In his discussion of R. Hayyim's responses to the two grave challenges facing nineteenth century Lithuanian Jewry, Lamm also eliminates several persistent historical myths. Among the most important are the often repeated myth that R. Hayyim was merely continuing the views and program of the Vilna Gaon. As Lamm fully documents, the truth is the very reverse: it was because of his own insight and originality that R. Hayyim initiated the establishment of the innovative Volozhiner Yeshiva; that the attitude he adopts toward Chasidism was quite different from that of the Gaon, and that his interpretation of Lurianic Kabbalah and of Torah lishmah were theoretical innovations that had few precedents.

It is unfortunate that Lamm has not considered the effect of the even greater antinomian threat posed to rabbinic Judaism by the growing reformist Haskalah movement arising in Western and Central Europe, for surely R. Hayyim was as well aware of the dangers posed by this ideology as were Chasidic leaders such as R. Schneour Zalman and Rabbi Nahman of Breslov. Very possibly, R. Hayyim's willingness to ?normalize? Chasidism within rabbinic Judaism and the extraordinary emphases he placed on Torah study lishmah and on punctiliousness in the performance of mitzvot were at least in apart his responses to the potent threat emerging from this deliberately antinomian movement. Furthermore, the sociological implications of the mitnagdic emphasis on Torah lishmah as an ideal meant only for an elite as opposed to the Chasidic emphasis on practice intended for the masses should have been more fruitfully explored by Lamm. Finally, it should be noticed that R. Hayyim's interpretation of the Lurianic Kabbalah actually implies the elimination of its study, as it, too, constitutes a distraction from Torah study lishmah; that this was deliberate can be inferred from the act that R. Hayyim did, indeed, exclude Kabbalah from the Volozhiner Yeshiva's curriculum.
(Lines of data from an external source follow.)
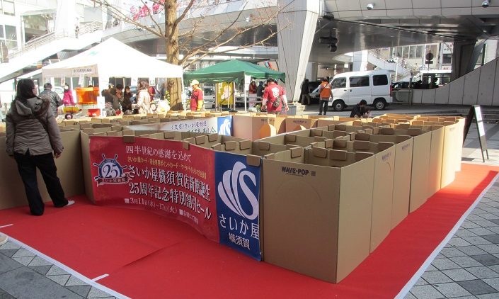 Yデッキ下イベント広場では、恒例の段ボール迷路(3/21)やステージイベント(和太鼓演奏・ダンスステージ)(3/21)が…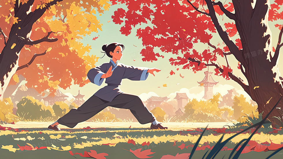 秋季养生公园练习中国功夫的少女插画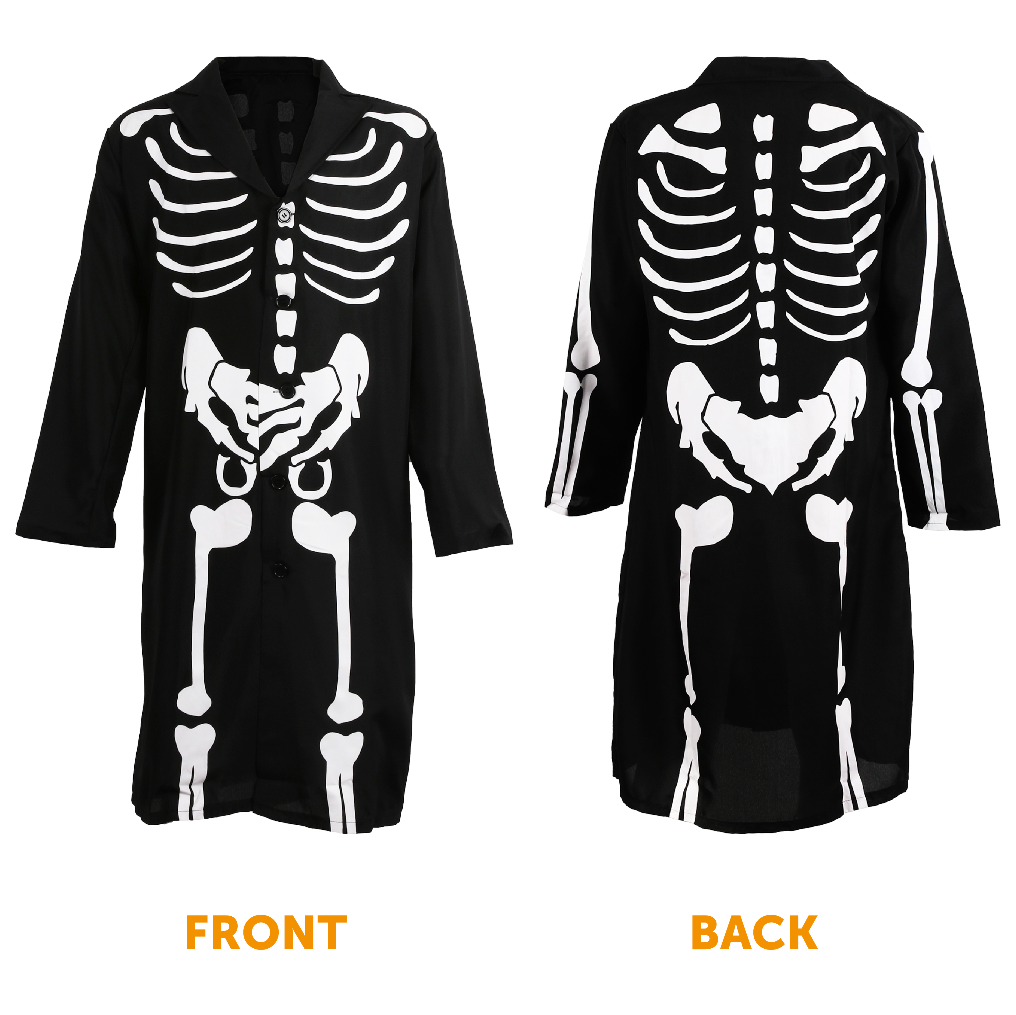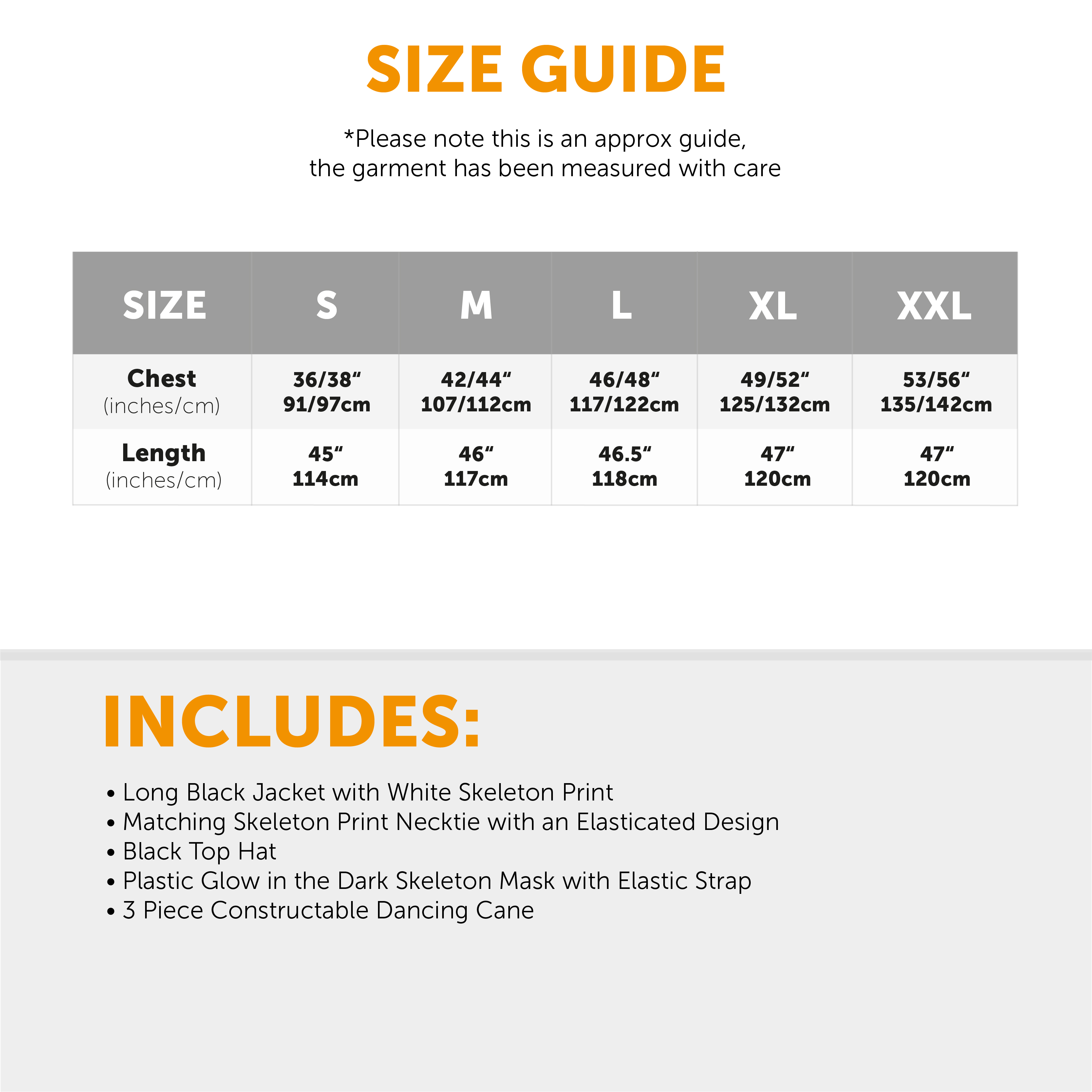 AVAILABLE IN MULTIPLE SIZES: Your Adults Skeleton Jacket is available in multiple sizes, from Small to XX-Large: Small - Chest: 36/38" (91/97cm), Length: 45" (114cm) | Medium: Chest: 42/44” (107/112cm), Length: 46” (117cm) | Large: Chest: 46/48” (117/122cm), Length: 46.5” (118cm) | X-Large: Chest: 49/52” (125/132cm), Length: 47” (120cm) | XX-Large: Chest: 53/56” (135/142cm), Length: 47” (120cm)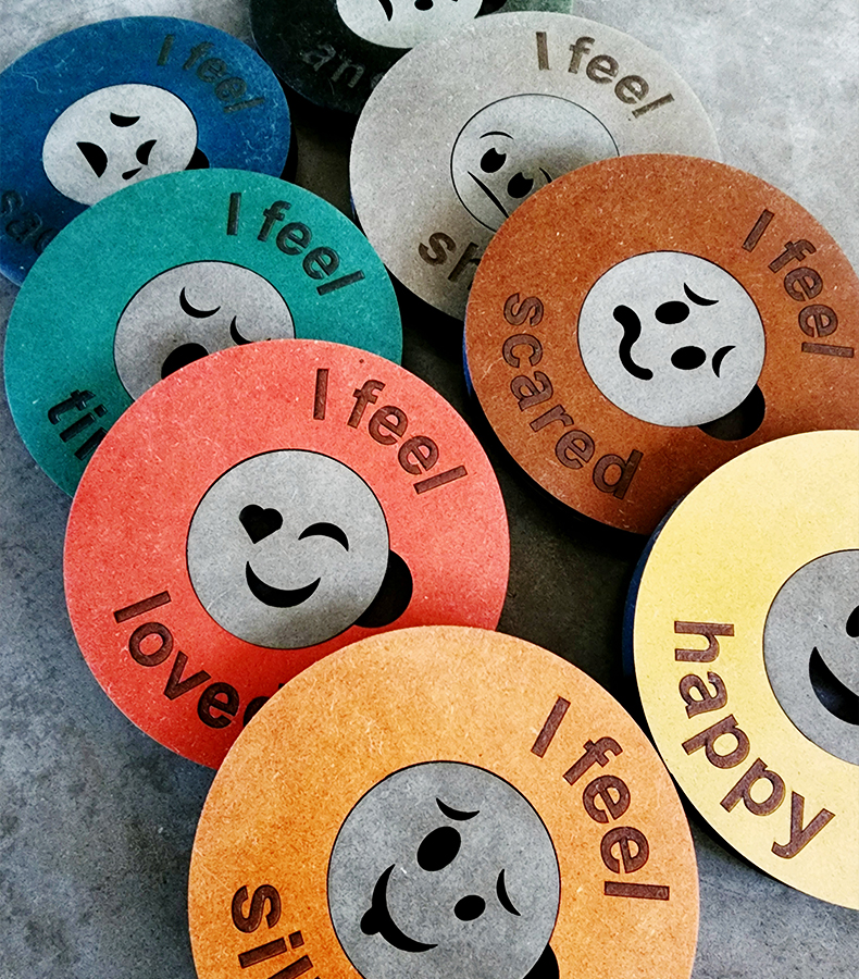 Laser-cut and engraved MDF Force Emotion matcher, Green, Blue, Yellow, Orange, Red, Grey, blown & Black
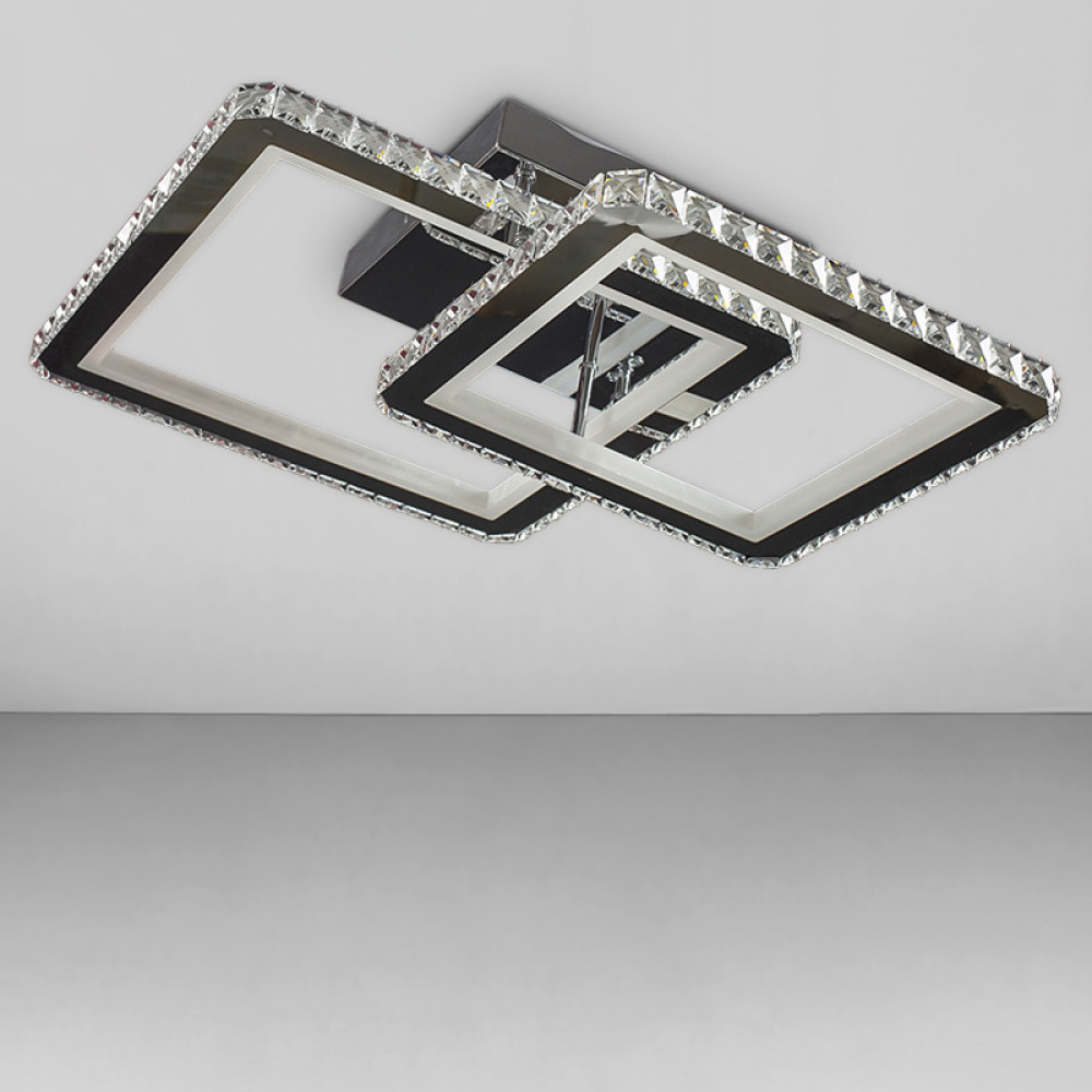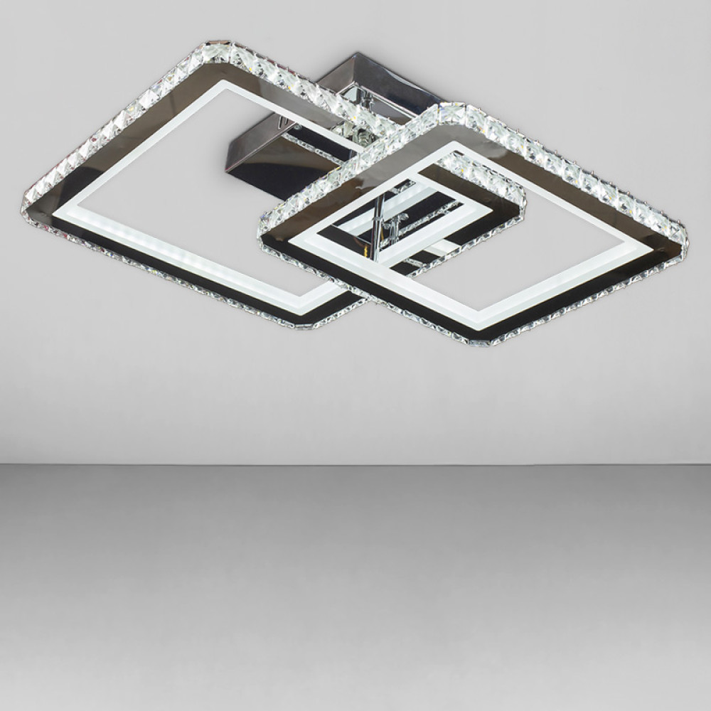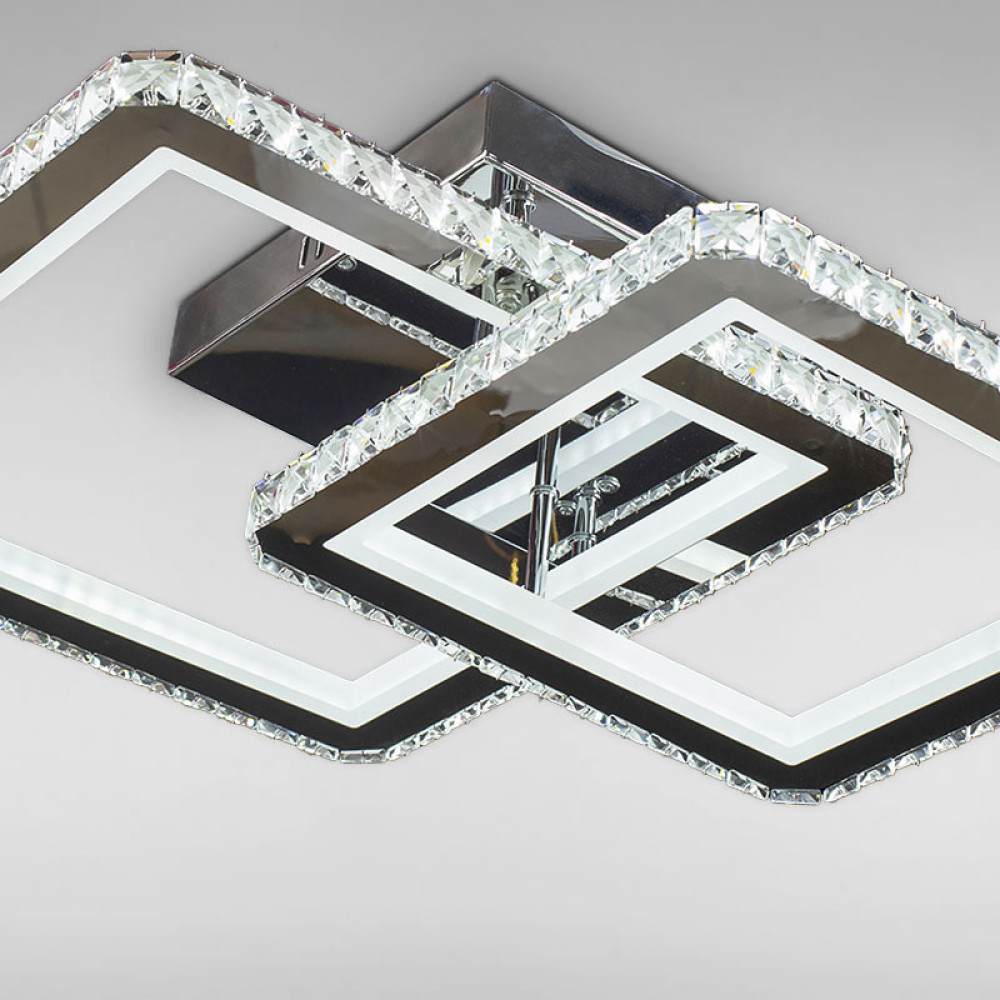 Перед Вами результат поєднання найкращих практик у сучасному освітленні. Світлодіодна люстра має 2 джерела світла з кришталевими елементами, каркас металевий хромового кольору, і пульт управління.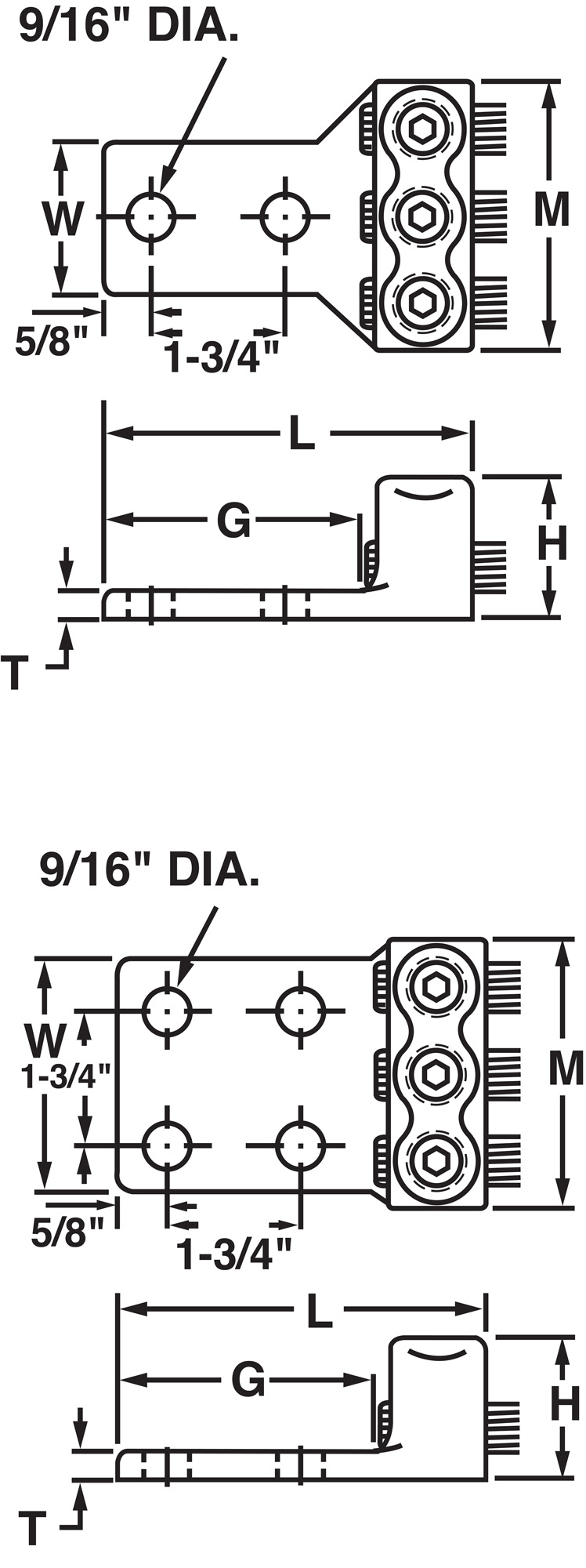 - Two-hole mounting pad allows for maximum surface contact in heavy duty applications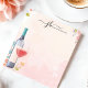 This personalized notepad features a watercolor wine bottle and glass with soft pastel florals, creating a stylish and elegant design. Perfect for wine lovers, entertaining enthusiasts, and those who appreciate sophisticated stationery. Customize the text at the top for a unique touch, making it ideal for journaling, note-taking, or gifting.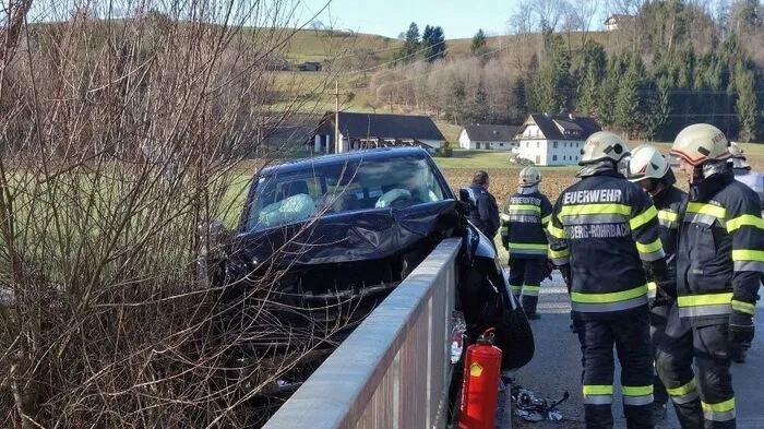 In Steinberg kam Sonntagvormittag ein Pkw von der Straße ab und krachte in ein Brückengeländer. Die Insassen wurden nicht verletzt, aber am Fahrzeug entstand hoher Sachschaden.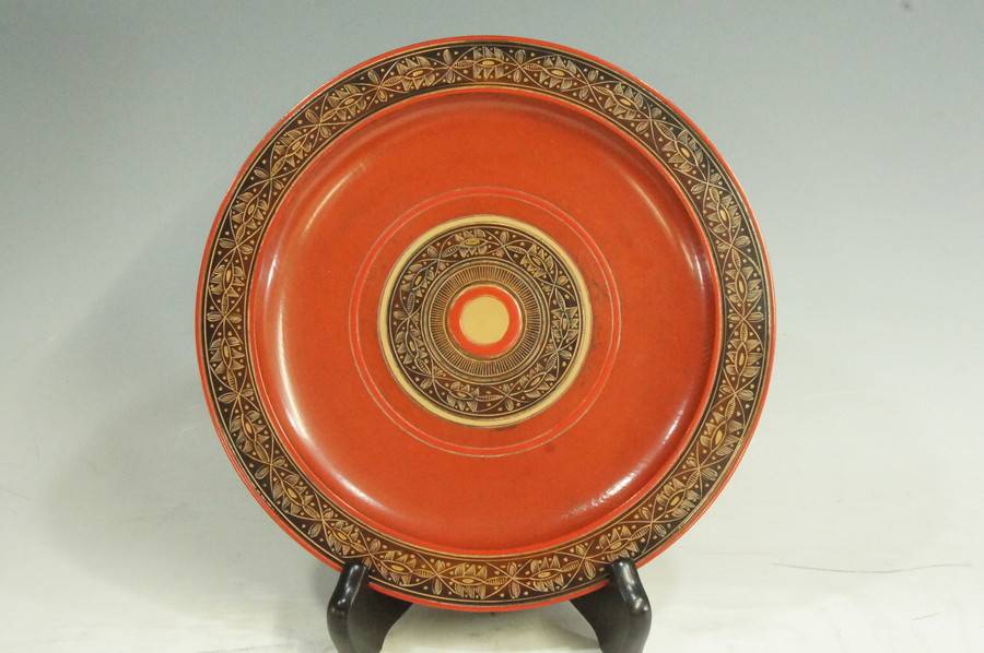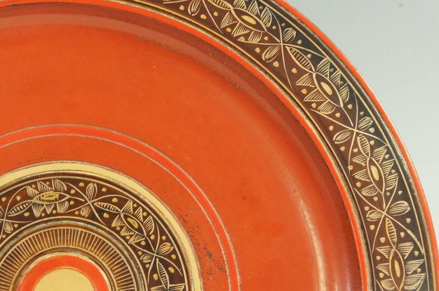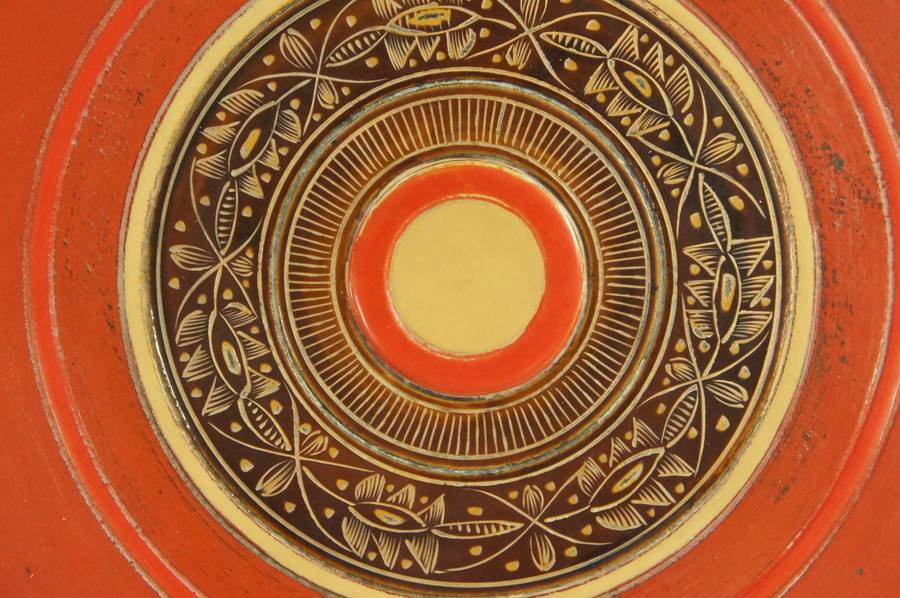 円形の獨楽模様に色漆を塗り分け、

These caveats aside, Lamm's carefully researched, closely reasoned study of R. Hayyim of Volozhin constitutes a major contribution to the history of modern Jewish thought and provides the English‑speaking public with access to the ideological and institutional innovations and achievements of a figure who still exercises profound influence in the contemporary Jewish world. Attentive study of Torah Lishmah will, therefore, amply reward its every reader.

Joseph Udelson is Professor of History at Tennessee State University.